Your answer must match, word for word, the lines from the one holding "好傢伙!卡里布知曉了有2條古" through the final line below, with pictures excluded.

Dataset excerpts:
....................
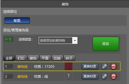 如果,某一根线条没有把鞋面裁断成两个独立的部位,则这根线条在“装饰”面板中可以看到,如下图:
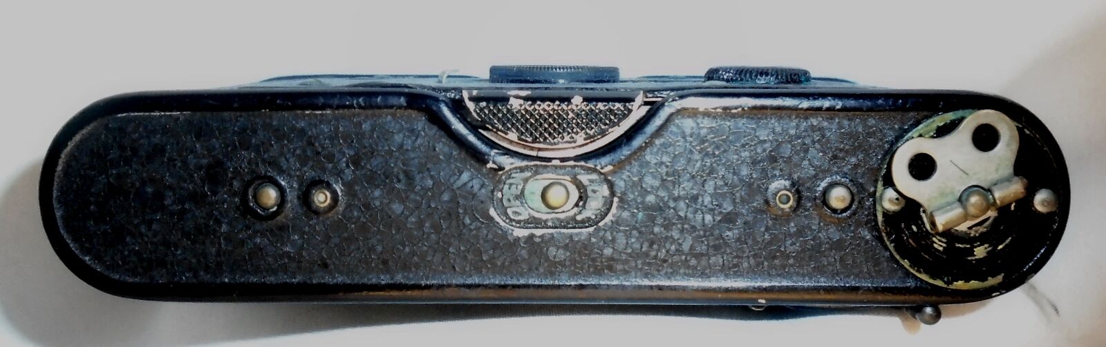 To load and unload film, an entire panel of the VPK can be removed by setting the latch from “lock” to “open”. Once the film and empty take-up are in and the top panel replaced and locked in place, the winding knob is used to advance the film. The oblong red window found on the back of the camera is used as a frame counter (use can see this camera counter has advanced to “44”, as pictured.
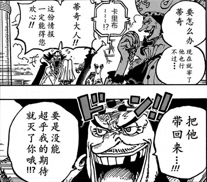 好傢伙!卡里布知曉了有2條古代兵器的下落,那擺明了是爲了告訴黑鬍子啊!所以纔有了魚人島和和之國的劇情故事!尾田通過這個方式,讓黑鬍子也去爭奪【古代兵器】。
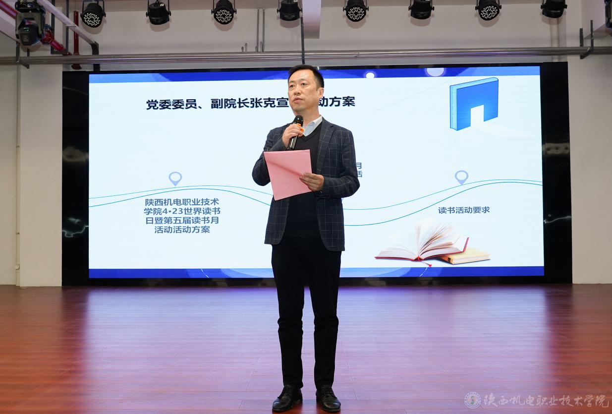 副院長(zhǎng)張克宣讀《陜西機(jī)電職業(yè)技術(shù)學(xué)院4·23世界讀書日暨第五屆讀書月活動(dòng)方案》
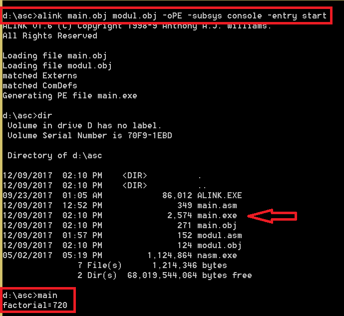 - folosind alink.exe (editor de legături), din cele două fișiere .obj se creează programul executabil, numele fișierului .exe rezultat este identic cu primul fișier .obj dat ca și parametru editorului de legături, în acest caz main. Programul poate fi rulat, în acest caz main.exe afișează pe ecran 6! = 720 (a se vedea figura de mai jos)
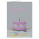 Um bolo de aniversário de desenho cor-de-rosa, com glacé coberto por uma mola, correndo pelas laterais e uma vela acesa, colocada sobre uma placa de ouro num balcão coberto de pontos coloridos.
....................
Your solution
 好傢伙!卡里布知曉了有2條古代兵器的下落,那擺明了是爲了告訴黑鬍子啊!所以纔有了魚人島和和之國的劇情故事!尾田通過這個方式,讓黑鬍子也去爭奪【古代兵器】。
 副院長(zhǎng)張克宣讀《陜西機(jī)電職業(yè)技術(shù)學(xué)院4·23世界讀書日暨第五屆讀書月活動(dòng)方案》
 - folosind alink.exe (editor de legături), din cele două fișiere .obj se creează programul executabil, numele fișierului .exe rezultat este identic cu primul fișier .obj dat ca și parametru editorului de legături, în acest caz main. Programul poate fi rulat, în acest caz main.exe afișează pe ecran 6! = 720 (a se vedea figura de mai jos)
 Um bolo de aniversário de desenho cor-de-rosa, com glacé coberto por uma mola, correndo pelas laterais e uma vela acesa, colocada sobre uma placa de ouro num balcão coberto de pontos coloridos.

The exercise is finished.